Ça s’est passé dans la nuit de dimanche à lundi. On était à Kahramanmaras en plein milieu de ce terrible tremblement de terre. On était à l’hôtel, en pleine nuit, à attendre le départ le lendemain matin. On était en sommeil profond. Il était 4h30 du matin, on était tranquille, paisibles, dans nos lits.

Avez-vous senti rapidement la gravité de la situation ?

Grave ? Non car on ne se rend pas compte mais on voit qu’il y a un problème, un grave problème et qu’il faut vite bouger de là.
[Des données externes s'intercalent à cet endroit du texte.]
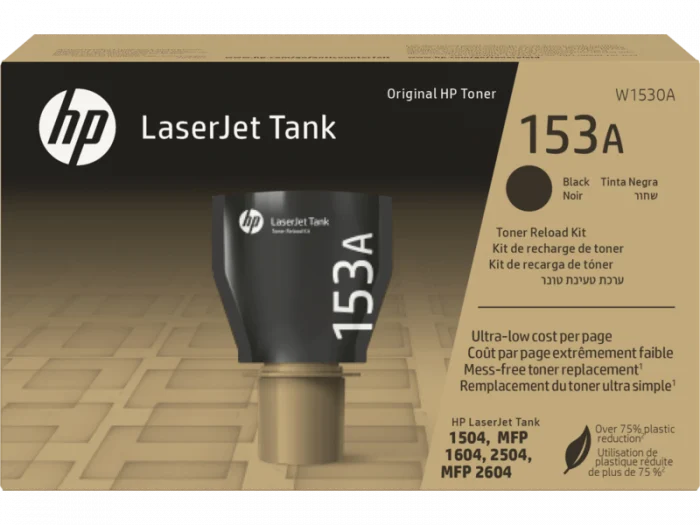 Kit de reîncărcare toner negru HP 153A original, 2500 pagini este soluția ideală pentru imprimarea de documente de calitate laser, fără cartușe. Acest kit de toner ușor și fără scurgeri vă permite să reîncărcați nivelul de toner în 15 secunde, fără stres Cu acest kit de toner, puteți imprima mii de pagini cu un cost ultra-scăzut pe pagină Acest kit de toner este compatibil cu imprimantele HP LaserJet Tank 2504dw și HP LaserJet Tank MFP 2604sdw, care vă oferă fiabilitatea și inovația HP.

Le niveau du tremblement ou le dommage que ça pouvait causer, on était à des années-lumière de se rendre compte de quoi que ce soit. D’un coup, tout s’est mis à bouger. Ça a bougé très fort dans un bruit assourdissant. Il faut vite se réveiller pour réagir et se dire qu’il faut sortie de là. Les murs vibraient, le carrelage tombait de partout. Je sors de ma chambre. Trois jeunes étaient dans la chambre en face de la mienne. Je dis "on sort de là, tout le monde dehors" Tout ça dans la précipitation. On s’habille rapidement et on se sauve. On prend l’escalier, des armoires bloquent. On se dépêche et on descend. Pour nous, ce n’était qu’un tremblement de terre. On pense alors "On va faire attention, ça bouge, on sort voir ce qu’il se passe et on remontera dans nos chambres." Voilà ce qu’on disait. Arrivé dehors, on récupère le groupe, tout le monde est là. Il pleuvait, neigeait, je demande à chacun s’il a ses affaires car il faisait vraiment froid. Certains étaient descendus pieds nus. On regarde un peu autour de nous et voit les bâtiments qui sont par terre. Là, on dit "je crois qu’on ne va pas remonter tout de suite." C’était nuit noire. Même si on voit des bâtiments par terre, on ne se rend pas compte. On n’imaginait pas que l’immeuble de neuf étages en face de nous ne fasse plus qu’un étage à peine. On ne pensait pas à ça. La priorité était de s’occuper de nos gars. On les récupère, tout le monde va bien. On se partage les affaires et on attend de voir ce qui se passe.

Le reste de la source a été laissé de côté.